Problem statement:
Within the entries below, output exactly the lines between the line containing "قَالَ أَبُو عَبْدِ" and the line containing "针对春节游客和返乡市民增多的", inclusive, and omit any picture.

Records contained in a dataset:
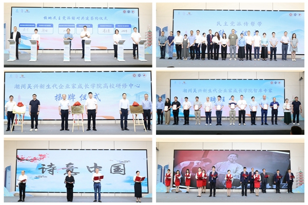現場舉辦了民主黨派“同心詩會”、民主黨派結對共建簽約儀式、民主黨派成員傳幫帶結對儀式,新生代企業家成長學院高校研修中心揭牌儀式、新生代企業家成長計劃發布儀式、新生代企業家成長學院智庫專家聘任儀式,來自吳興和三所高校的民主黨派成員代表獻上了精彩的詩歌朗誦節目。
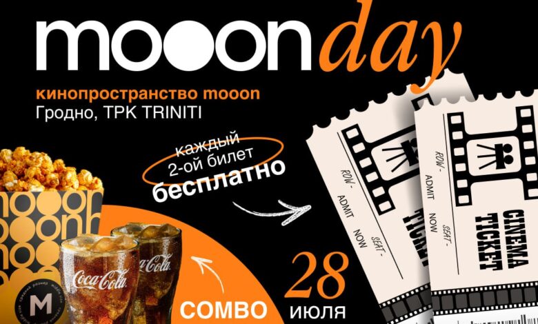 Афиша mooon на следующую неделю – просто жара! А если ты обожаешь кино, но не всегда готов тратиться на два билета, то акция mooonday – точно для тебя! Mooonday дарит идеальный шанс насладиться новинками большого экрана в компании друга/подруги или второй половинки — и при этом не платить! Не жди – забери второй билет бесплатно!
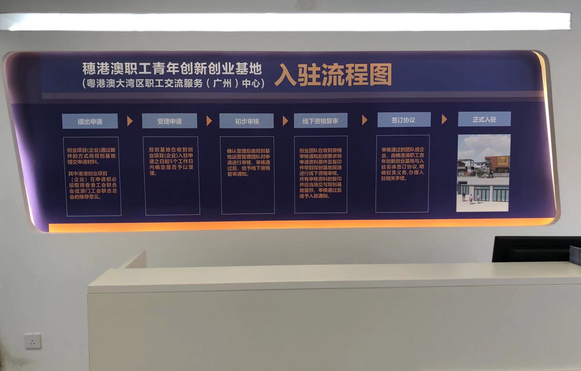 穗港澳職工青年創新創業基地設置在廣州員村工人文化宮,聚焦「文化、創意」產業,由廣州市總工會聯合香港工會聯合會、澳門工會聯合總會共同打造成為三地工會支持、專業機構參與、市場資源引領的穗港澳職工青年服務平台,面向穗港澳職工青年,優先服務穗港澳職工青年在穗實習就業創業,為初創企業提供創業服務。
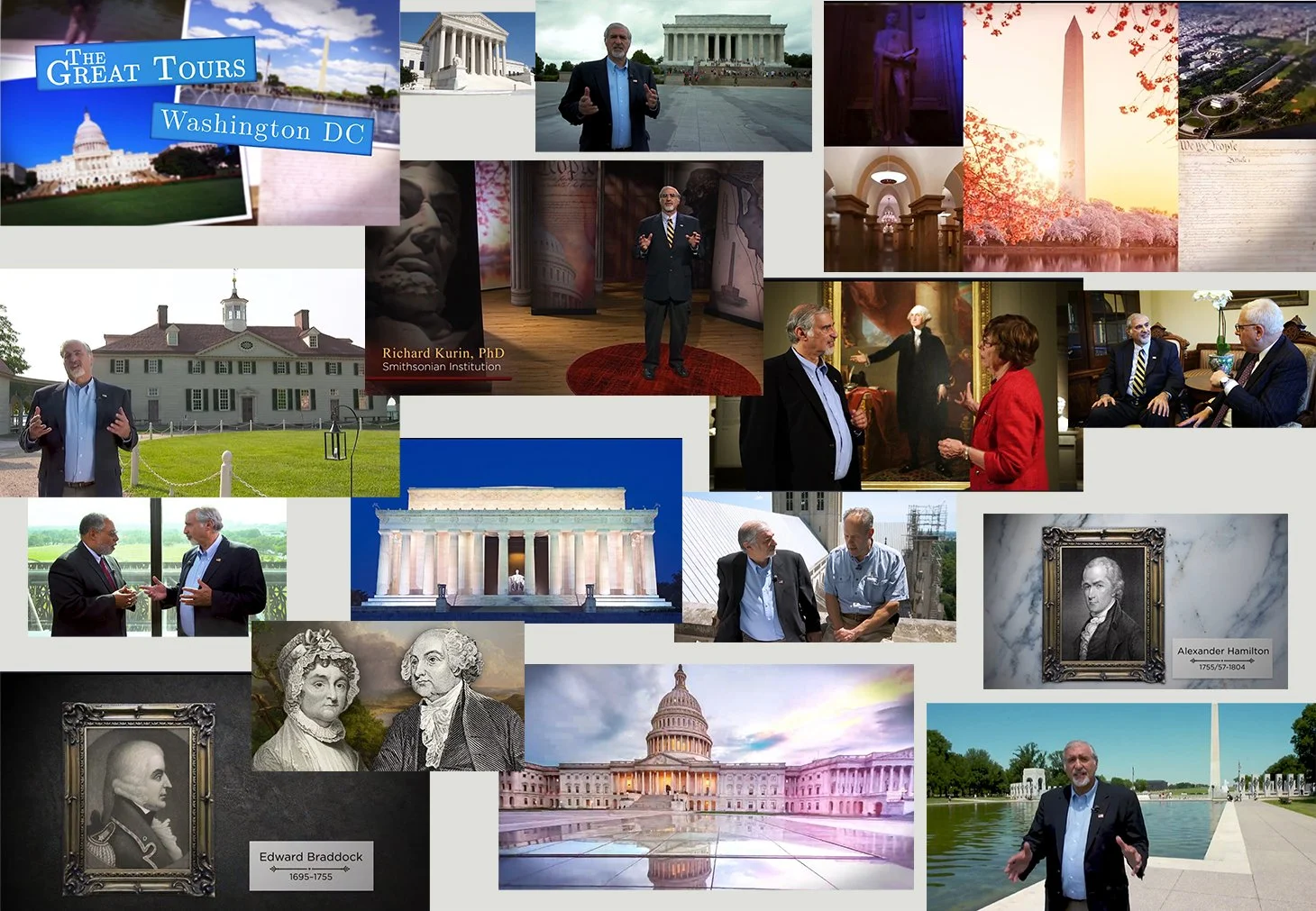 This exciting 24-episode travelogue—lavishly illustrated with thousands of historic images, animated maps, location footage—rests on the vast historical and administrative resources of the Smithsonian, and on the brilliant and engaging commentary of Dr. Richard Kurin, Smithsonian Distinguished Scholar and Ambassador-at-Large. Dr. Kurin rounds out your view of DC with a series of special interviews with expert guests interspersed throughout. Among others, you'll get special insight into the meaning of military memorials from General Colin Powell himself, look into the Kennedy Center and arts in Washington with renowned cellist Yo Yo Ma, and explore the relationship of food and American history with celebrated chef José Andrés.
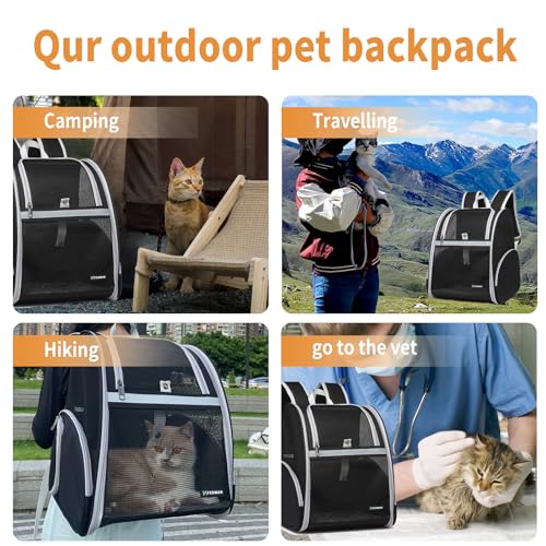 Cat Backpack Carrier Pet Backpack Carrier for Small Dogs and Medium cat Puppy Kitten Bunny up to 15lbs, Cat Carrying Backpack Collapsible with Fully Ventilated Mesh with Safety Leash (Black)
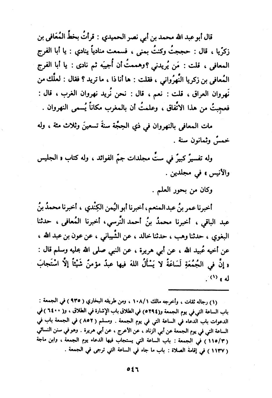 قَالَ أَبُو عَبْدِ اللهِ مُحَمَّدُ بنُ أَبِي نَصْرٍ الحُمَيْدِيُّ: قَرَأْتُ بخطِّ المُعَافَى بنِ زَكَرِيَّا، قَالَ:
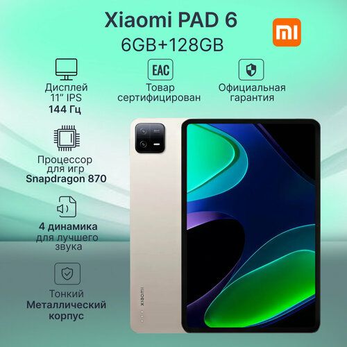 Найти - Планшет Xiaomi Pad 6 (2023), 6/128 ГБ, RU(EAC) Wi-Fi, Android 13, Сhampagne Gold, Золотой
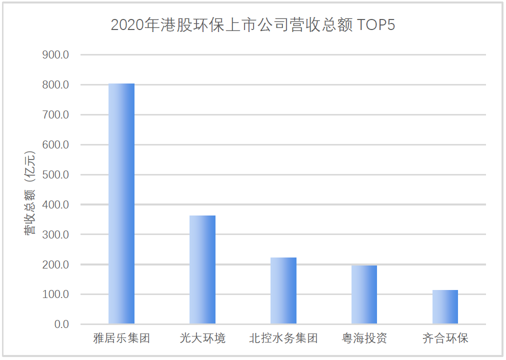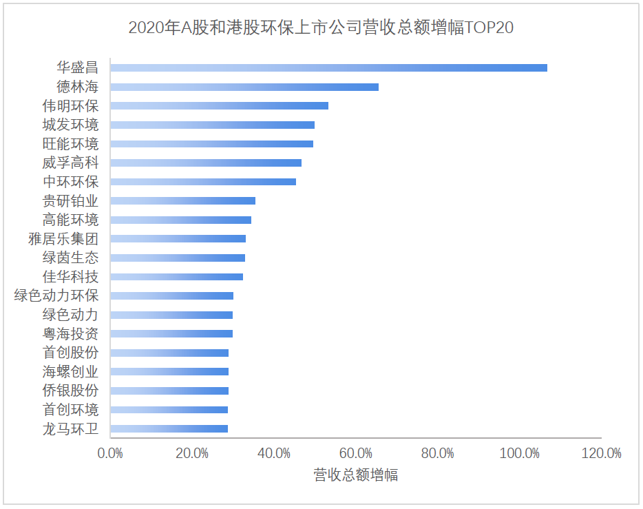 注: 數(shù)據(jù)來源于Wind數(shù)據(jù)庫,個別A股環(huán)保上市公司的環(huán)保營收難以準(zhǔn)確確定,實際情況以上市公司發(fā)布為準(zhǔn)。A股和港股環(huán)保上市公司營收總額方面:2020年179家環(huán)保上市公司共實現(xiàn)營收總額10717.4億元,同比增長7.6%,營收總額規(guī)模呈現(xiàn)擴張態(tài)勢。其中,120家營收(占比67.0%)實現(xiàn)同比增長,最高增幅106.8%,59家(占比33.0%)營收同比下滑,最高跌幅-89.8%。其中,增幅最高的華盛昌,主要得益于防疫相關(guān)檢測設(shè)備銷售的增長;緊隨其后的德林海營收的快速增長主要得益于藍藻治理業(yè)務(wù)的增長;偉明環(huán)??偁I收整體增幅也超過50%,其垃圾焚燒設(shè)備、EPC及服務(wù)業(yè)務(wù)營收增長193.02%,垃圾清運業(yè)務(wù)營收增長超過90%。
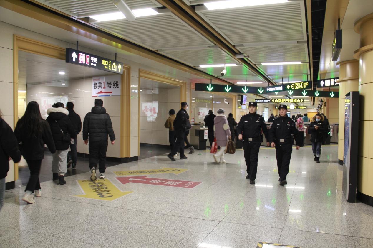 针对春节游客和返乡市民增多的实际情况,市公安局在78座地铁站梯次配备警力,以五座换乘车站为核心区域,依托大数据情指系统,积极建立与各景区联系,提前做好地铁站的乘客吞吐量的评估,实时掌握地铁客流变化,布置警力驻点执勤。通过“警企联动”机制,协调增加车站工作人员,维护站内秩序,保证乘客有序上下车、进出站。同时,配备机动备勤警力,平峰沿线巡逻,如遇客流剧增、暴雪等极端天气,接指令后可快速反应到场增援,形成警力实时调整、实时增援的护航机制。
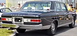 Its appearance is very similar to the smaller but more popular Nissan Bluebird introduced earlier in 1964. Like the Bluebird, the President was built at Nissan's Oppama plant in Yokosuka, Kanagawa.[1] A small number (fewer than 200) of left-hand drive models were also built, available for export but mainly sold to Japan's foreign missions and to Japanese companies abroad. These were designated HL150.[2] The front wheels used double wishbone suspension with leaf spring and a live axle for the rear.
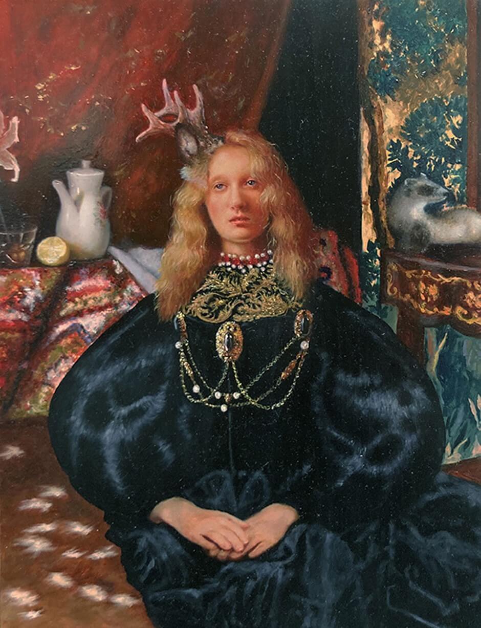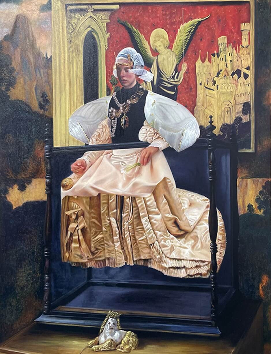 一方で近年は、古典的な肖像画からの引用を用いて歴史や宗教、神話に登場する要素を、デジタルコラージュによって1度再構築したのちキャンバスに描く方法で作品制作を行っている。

Task result:
 قَالَ أَبُو عَبْدِ اللهِ مُحَمَّدُ بنُ أَبِي نَصْرٍ الحُمَيْدِيُّ: قَرَأْتُ بخطِّ المُعَافَى بنِ زَكَرِيَّا، قَالَ:
 Найти - Планшет Xiaomi Pad 6 (2023), 6/128 ГБ, RU(EAC) Wi-Fi, Android 13, Сhampagne Gold, Золотой
 注: 數(shù)據(jù)來源于Wind數(shù)據(jù)庫,個別A股環(huán)保上市公司的環(huán)保營收難以準(zhǔn)確確定,實際情況以上市公司發(fā)布為準(zhǔn)。A股和港股環(huán)保上市公司營收總額方面:2020年179家環(huán)保上市公司共實現(xiàn)營收總額10717.4億元,同比增長7.6%,營收總額規(guī)模呈現(xiàn)擴張態(tài)勢。其中,120家營收(占比67.0%)實現(xiàn)同比增長,最高增幅106.8%,59家(占比33.0%)營收同比下滑,最高跌幅-89.8%。其中,增幅最高的華盛昌,主要得益于防疫相關(guān)檢測設(shè)備銷售的增長;緊隨其后的德林海營收的快速增長主要得益于藍藻治理業(yè)務(wù)的增長;偉明環(huán)??偁I收整體增幅也超過50%,其垃圾焚燒設(shè)備、EPC及服務(wù)業(yè)務(wù)營收增長193.02%,垃圾清運業(yè)務(wù)營收增長超過90%。
 针对春节游客和返乡市民增多的实际情况,市公安局在78座地铁站梯次配备警力,以五座换乘车站为核心区域,依托大数据情指系统,积极建立与各景区联系,提前做好地铁站的乘客吞吐量的评估,实时掌握地铁客流变化,布置警力驻点执勤。通过“警企联动”机制,协调增加车站工作人员,维护站内秩序,保证乘客有序上下车、进出站。同时,配备机动备勤警力,平峰沿线巡逻,如遇客流剧增、暴雪等极端天气,接指令后可快速反应到场增援,形成警力实时调整、实时增援的护航机制。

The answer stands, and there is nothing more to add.